Bones and joints
Healthy bones do wonders for your body!1 They keep you standing upright and protect your organs.1,2 Your joints also do an incredible job of holding all your bones together and allow us to move and stay flexible!3
Keeping your bones and joints strong
A holistic approach to healthy living is one of the best ways to maintain healthy bones and joints.1 Bones gradually lose their density as you get older, but there are some lifestyle changes you can make to help your bones and joints remain strong and healthy.4
Eating a balanced and nutritious diet can help you get the nutrients you need to keep your joints and bones healthy.5 For example, dairy foods rich in calcium such as yoghurt and cheese can help your bones maintain their strength.4,6
Keeping active is another way that can help your bones and joints stay strong. The more you use your bones, the stronger they will get!4
Your Bone Health Regimen
Feed your joints and bones
Devour some dairy
Calcium is important for healthy bones, and dairy foods like milk, cheese and yoghurt are full of it4,6
Vitamin D helps your body absorb calcium so it can be delivered to your bones – eggs, saltwater fish and liver are a great source of vitamin D.5 Your body can also make its own vitamin D if you just spend a little bit of time in the sun every day.4
Eat your greens
The health benefits of leafy greens and vegetables are already well known, but these foods also have high levels of vitamin K, which is known to keep bones strong5
Reduce salt intake
Salt can cause your body to lose calcium faster than usual – try to limit your daily salt intake, don’t add it to your food and check the labels when shopping to make sure what you buy has less than 120mg of sodium per 100g4
Benefit your bones
Enjoy the sunshine
Our bodies naturally produce vitamin D (which helps our bodies absorb calcium for bone strength) when our skin is exposed to sunlight – to produce enough vitamin D try to spend a few minutes in the sun every day in the summer and a few hours throughout the week in winter4
Fizzy drinks like cola, alcohol and coffee can reduce the amount of calcium your body absorbs and may weaken bones – try to limit these drinks where you can and if you can, swap them out for water4
Get your body working
Exercises that make your body support its own weight and work against gravity (such as running or tennis) will encourage the bones that you use to strengthen5
Smoking can reduce bone density and can lead to easier fractures – quit smoking to help your bone health7
Our immune system is both complex and remarkable.2 There are a few things that you can do to help strengthen your body’s first line of defence.2
Do you want to get to the end of the day and still have a spring in your step? Enjoy more activity in your everyday by changing a few of your daily habits.

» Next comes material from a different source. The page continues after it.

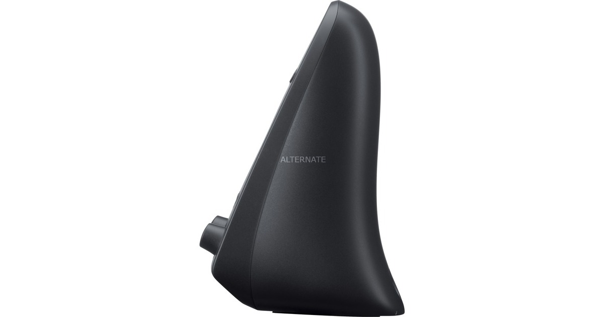 Ein-/Ausschalter sowie Lautstärke- und Tiefenregler im rechten Satelliten |

1. Health Direct. Bones, muscles and joints. Available at: https://www.healthdirect.gov.au/bones-muscles-and-joints [Accessed October 2020].
2. Better Health Channel – Victoria State Government. Bone marrow. Available at: https://www.betterhealth.vic.gov.au/health/ConditionsAndTreatments/bone-marrow [Accessed October 2020].
3. Better Health Channel – Victoria State Government. Joints. Available at: https://www.betterhealth.vic.gov.au/health/ConditionsAndTreatments/joints [Accessed October 2020].
4. Health Direct. Bones, muscles and joints. Available at: https://www.healthdirect.gov.au/healthy-bones [Accessed October 2020].
5. Harvard Health. Keeping bones strong. Available at: https://www.health.harvard.edu/staying-healthy/keeping-bones-strong [Accessed October 2020].
6. Osteoporosis Australia. Calcium. Available at: https://www.osteoporosis.org.au/calcium [Accessed October 2020].
7. NSW Health. How to keep your bones healthy and avoid fractures. Available at: https://aci.health.nsw.gov.au/__data/assets/pdf_file/0011/592697/ACI-MSK-ORP-HealthyBones.pdf [Accessed October 2020].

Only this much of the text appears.